A ring oiler is a simple device, consisting of a large metal ring placed around a horizontal shaft, adjacent to a bearing. An oil sump is underneath this shaft and the ring is large enough to dip into the oil. As the shaft rotates, the ring is carried round with it. The rotating ring in turn picks up some oil and deposits it onto the shaft, from where it flows sideways and lubricates the bearings. The oil ring is effectively a simple lubrication pump, with only one moving part and no complex or high-precision components. The device is crude, but automatic, effective and reliable. Unlike a drip oiler, there is also no need to close off the oiler or remove oil wicks when the machine is stopped.

Ring oilers were used for speeds up to around 1,000 rpm. Above this, the oil tended to be thrown centrifugally from the ring, rather than carried by it (although it is still currently applied on steam turbines with speeds around 3200 rpm).

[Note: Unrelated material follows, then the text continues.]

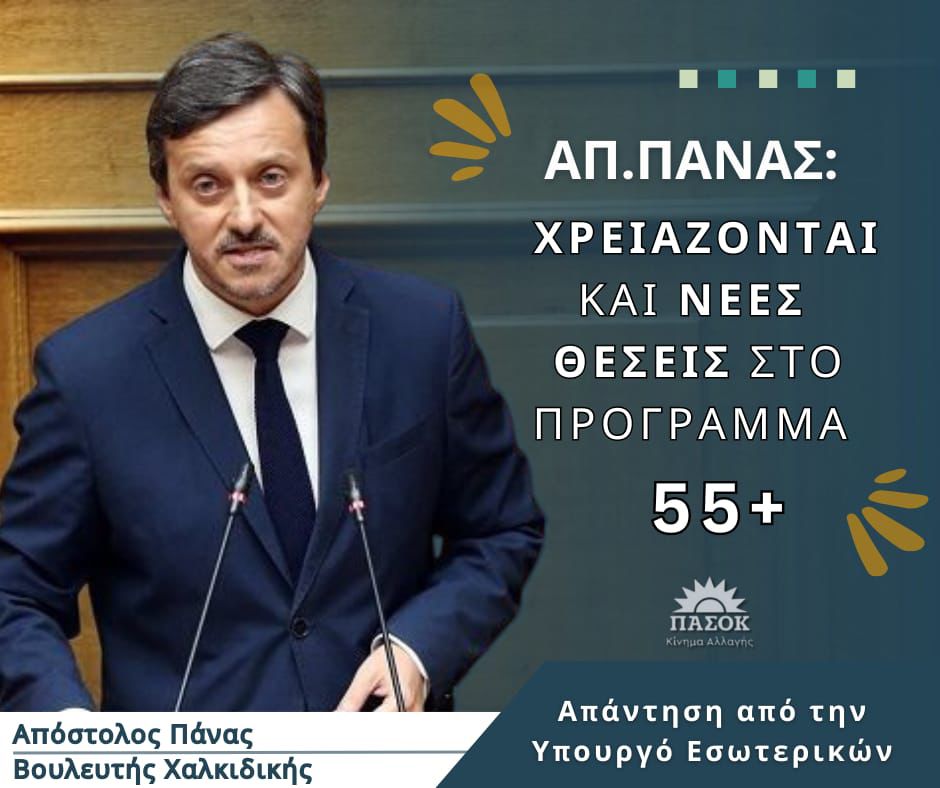 Απάντηση έλαβε ο Βουλευτής ΠΑΣΟΚ-Κινήματος Αλλαγής Χαλκιδικής στην υπ’ αρ. πρωτ. 4568/8-4-2025 κοινοβουλευτικής ερώτησης σχετικά με την ενίσχυση του προγράμματος απασχόλησης ανέργων ηλικίας 55 ετών και άνω από Υπουργείο Εργασίας.

The bearing must also remain horizontal and stable, so although suitable for crankshaft main bearings, they could not be used on connecting rod big end bearings. They were not used on vehicles for similar reasons, although the engines concerned at this time were anyway too large and heavy for practical mobile use. Automatic ring oilers were particularly useful for large engines with multiple horizontally opposed cylinders, where it was otherwise difficult to access the central main bearings. Ring oilers were most suited where bearing side-loads were relatively light, but the bearing capacity required more lubrication than could be supplied by a drip feed oiler. For this reason they were widely used on larger electric motors and generators.